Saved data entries

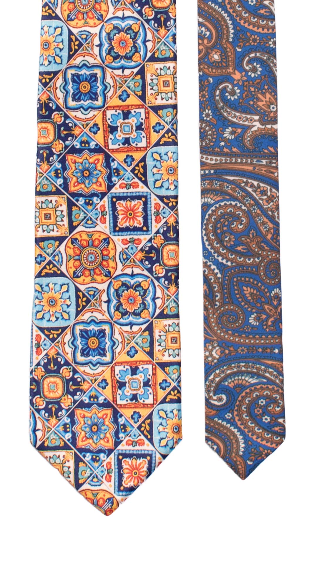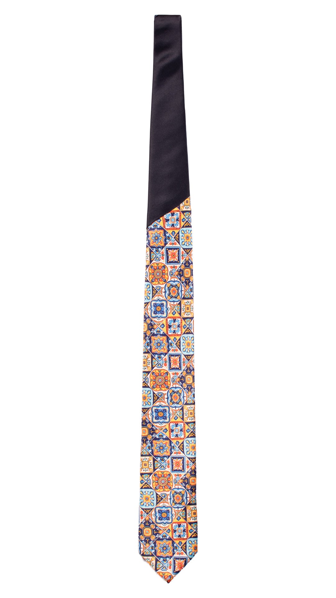 Man Sicilian Majolica Multicolor Satin Silk Tie Deep Blue Contrast Knot N3228
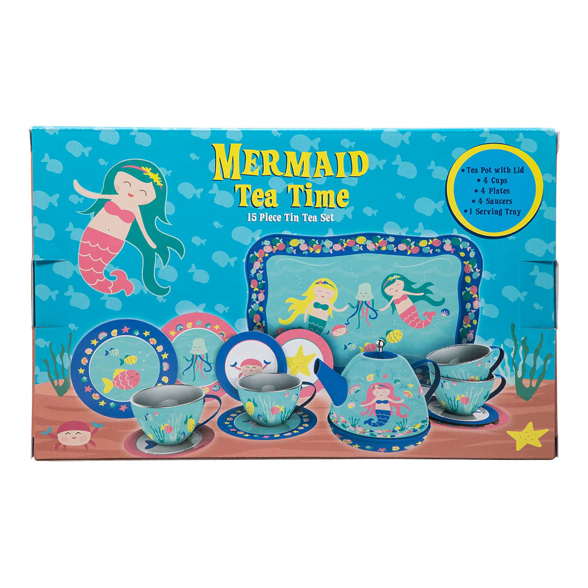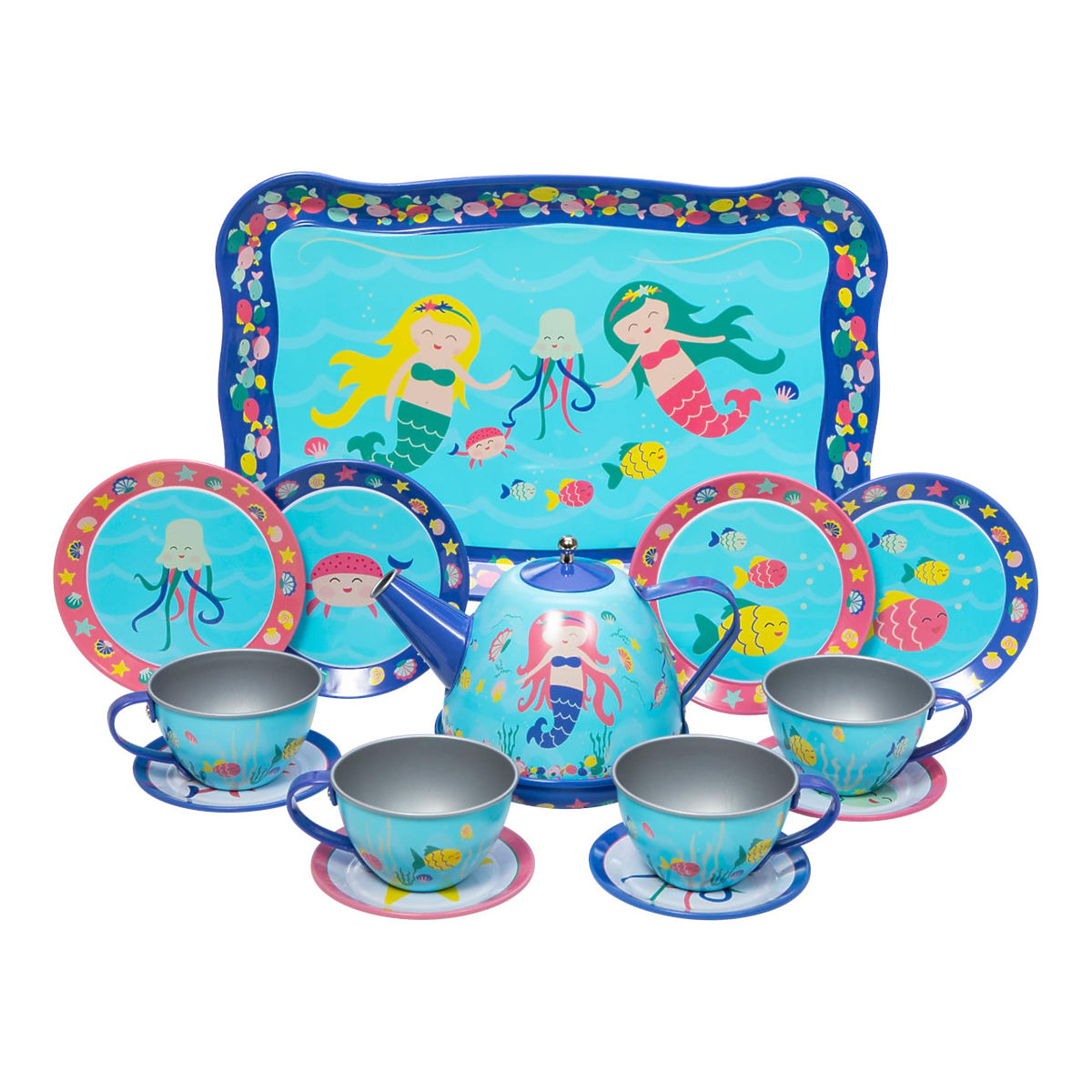 Itt az ideje a teázásnak. Ez a gyönyörű, 15 darabos teáskészlet fémből készült, és tartalmaz 4 csészét csészealjjal, 4 desszerttányért, egy teáskannát fedővel és egy tálcát, mindezt sellőmintával. A kreativitás szárnyal, amikor gyermekeid barátokat, babákat és plüssjátékokat látnak vendégül ezzel a gyönyörű teáskészlettel. Alkalmas kis házigazdáknak és háziasszonyoknak 3 éves kortól. Főbb jellemzők: 15 darabos teáskészlet, ideális szerepjátékos teázásokhoz, sellőmintás design
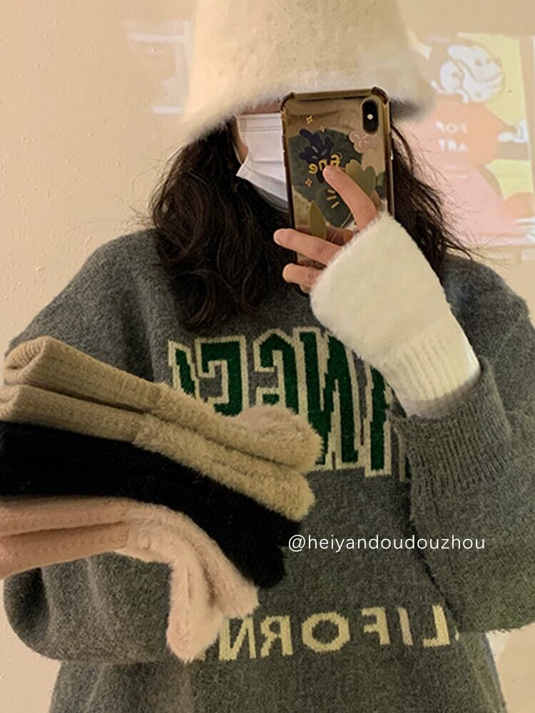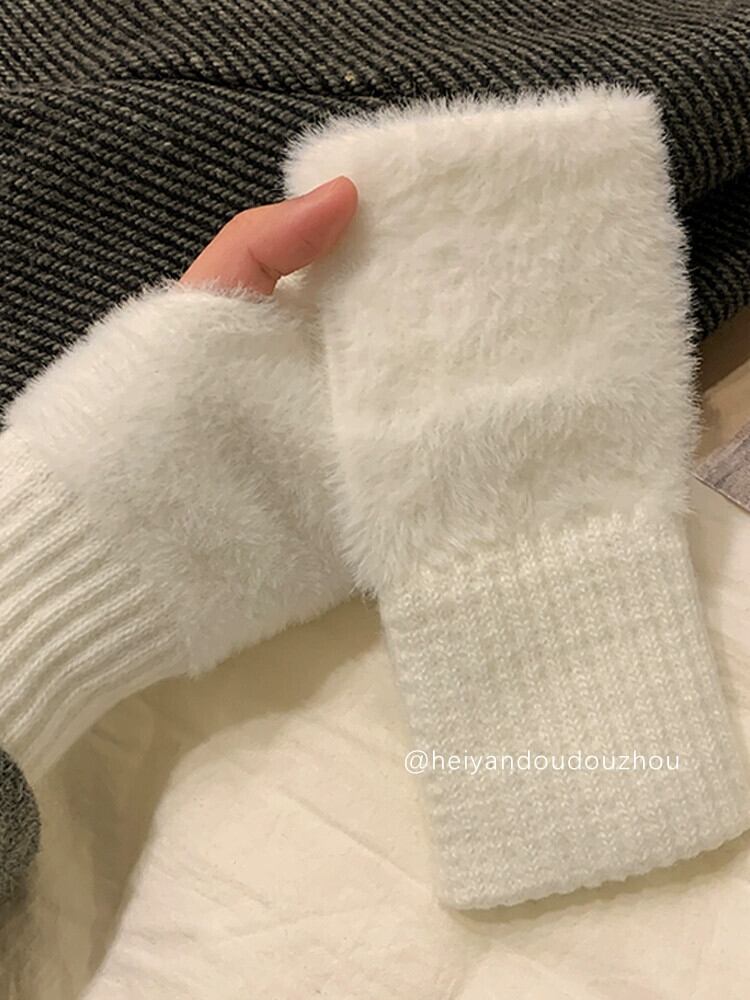暖かいウールのハーフフィンガー手袋、女性の冬用豪華なニット手首保護、行方不明の指オールマッチタッチスクリーンオフィス学生書き込み ウィンター 冬物 会社 学校 通勤や通学にも 15dd30039215725
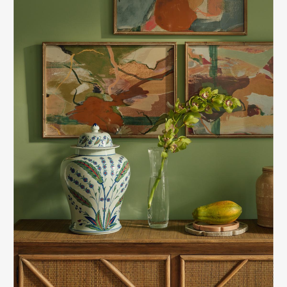I like the OKA Isphahan Lidded Jar because of its rich, decorative appeal, making it a versatile piece in many interiors. It works especially well in boho, eclectic, or global-inspired spaces, but can also add character to more traditional or contemporary settings. I’d suggest using it as a statement piece on a sideboard or console table, or even as a centrepiece filled with dried flowers or seasonal foliage for an added touch. Its multi-coloured design adds vibrancy without overwhelming the space, and the lid makes it practical for storage of small items while maintaining its decorative charm.
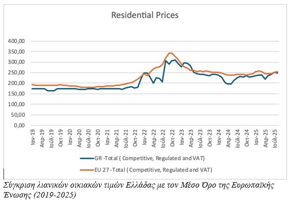Ενδιαφέρον παρουσιάζει επίσης η σύγκριση με τις άλλες χώρες της ΕΕ, από την οποία προκύπτει ότι η Ελλάδα είναι σταθερά τα τελευταία χρόνια κάτω από τον ευρωπαϊκό μέσο όρο των τιμών λιανικής. Μεσοσταθμικά, η Ελλάδα είναι 16η μεταξύ των 27 ενώ από τον Ιανουάριο του 2024 και μετά είναι συχνά σε ακόμα χαμηλότερη θέση.
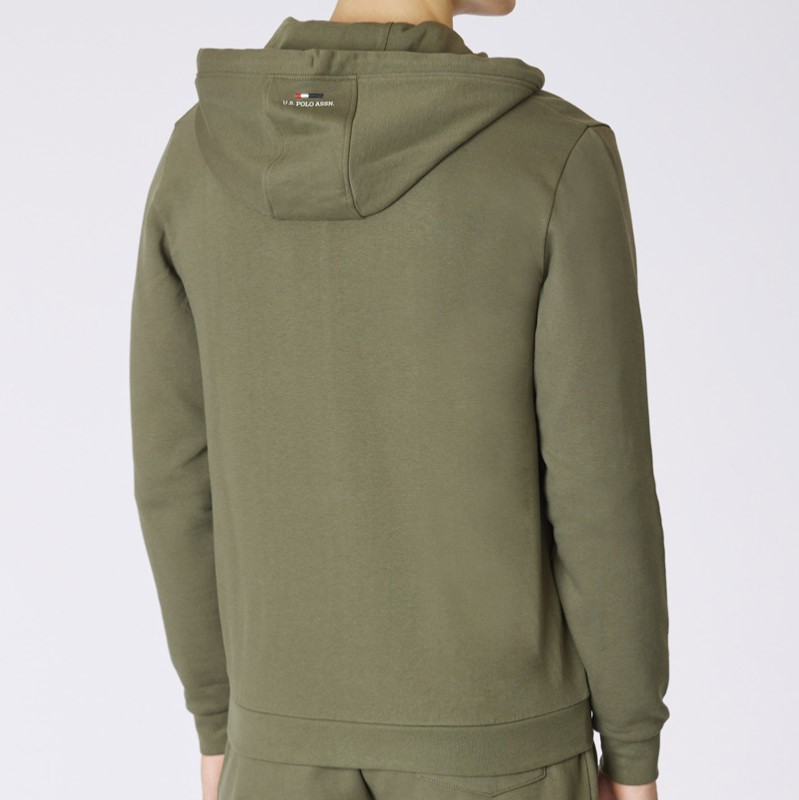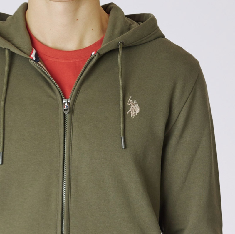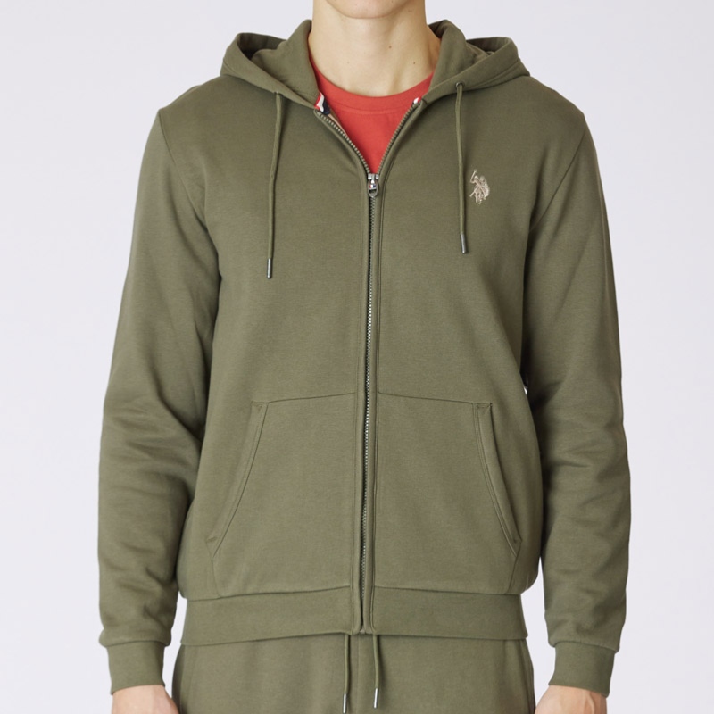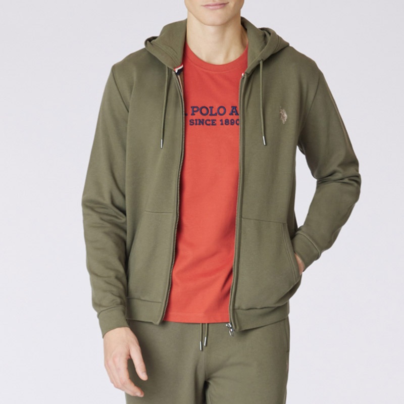 Veste / Sweat zippé capuche Us Polo Assn pour homme, confectionné en molleton de coton doux mélangé vert kaki, logo joueur de polo uspa beige.
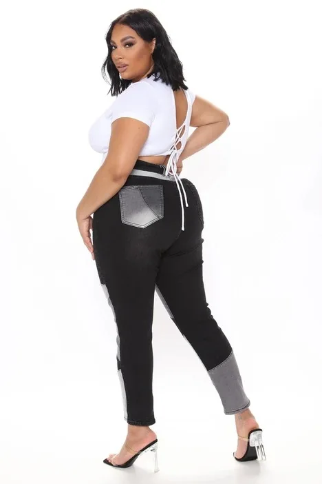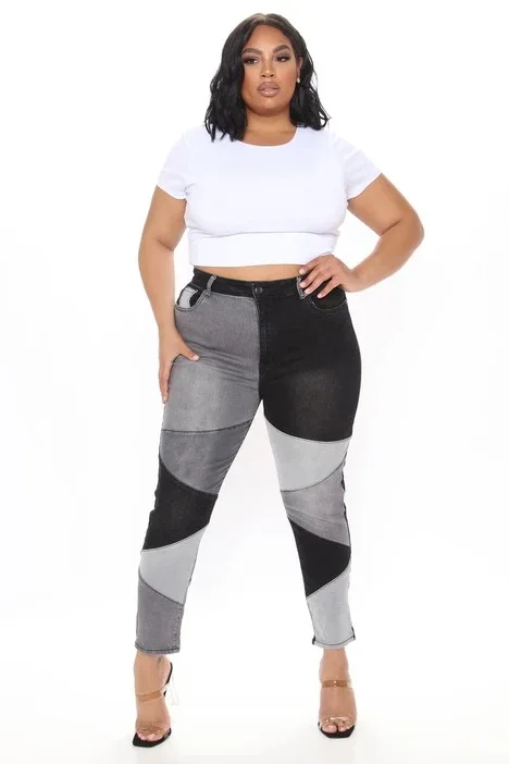 2021 New Fashion Woman Stitching High Waist Jeans High Stretch Denim Pencil Pants Street Trendy Trousers S-3XL Drop shipping

== Exercise objective ==
Copy every line of the data word for word, omitting the images.

== Exercise response ==
 Man Sicilian Majolica Multicolor Satin Silk Tie Deep Blue Contrast Knot N3228
 Itt az ideje a teázásnak. Ez a gyönyörű, 15 darabos teáskészlet fémből készült, és tartalmaz 4 csészét csészealjjal, 4 desszerttányért, egy teáskannát fedővel és egy tálcát, mindezt sellőmintával. A kreativitás szárnyal, amikor gyermekeid barátokat, babákat és plüssjátékokat látnak vendégül ezzel a gyönyörű teáskészlettel. Alkalmas kis házigazdáknak és háziasszonyoknak 3 éves kortól. Főbb jellemzők: 15 darabos teáskészlet, ideális szerepjátékos teázásokhoz, sellőmintás design
暖かいウールのハーフフィンガー手袋、女性の冬用豪華なニット手首保護、行方不明の指オールマッチタッチスクリーンオフィス学生書き込み ウィンター 冬物 会社 学校 通勤や通学にも 15dd30039215725
I like the OKA Isphahan Lidded Jar because of its rich, decorative appeal, making it a versatile piece in many interiors. It works especially well in boho, eclectic, or global-inspired spaces, but can also add character to more traditional or contemporary settings. I’d suggest using it as a statement piece on a sideboard or console table, or even as a centrepiece filled with dried flowers or seasonal foliage for an added touch. Its multi-coloured design adds vibrancy without overwhelming the space, and the lid makes it practical for storage of small items while maintaining its decorative charm.
Ενδιαφέρον παρουσιάζει επίσης η σύγκριση με τις άλλες χώρες της ΕΕ, από την οποία προκύπτει ότι η Ελλάδα είναι σταθερά τα τελευταία χρόνια κάτω από τον ευρωπαϊκό μέσο όρο των τιμών λιανικής. Μεσοσταθμικά, η Ελλάδα είναι 16η μεταξύ των 27 ενώ από τον Ιανουάριο του 2024 και μετά είναι συχνά σε ακόμα χαμηλότερη θέση.
 Veste / Sweat zippé capuche Us Polo Assn pour homme, confectionné en molleton de coton doux mélangé vert kaki, logo joueur de polo uspa beige.
 2021 New Fashion Woman Stitching High Waist Jeans High Stretch Denim Pencil Pants Street Trendy Trousers S-3XL Drop shipping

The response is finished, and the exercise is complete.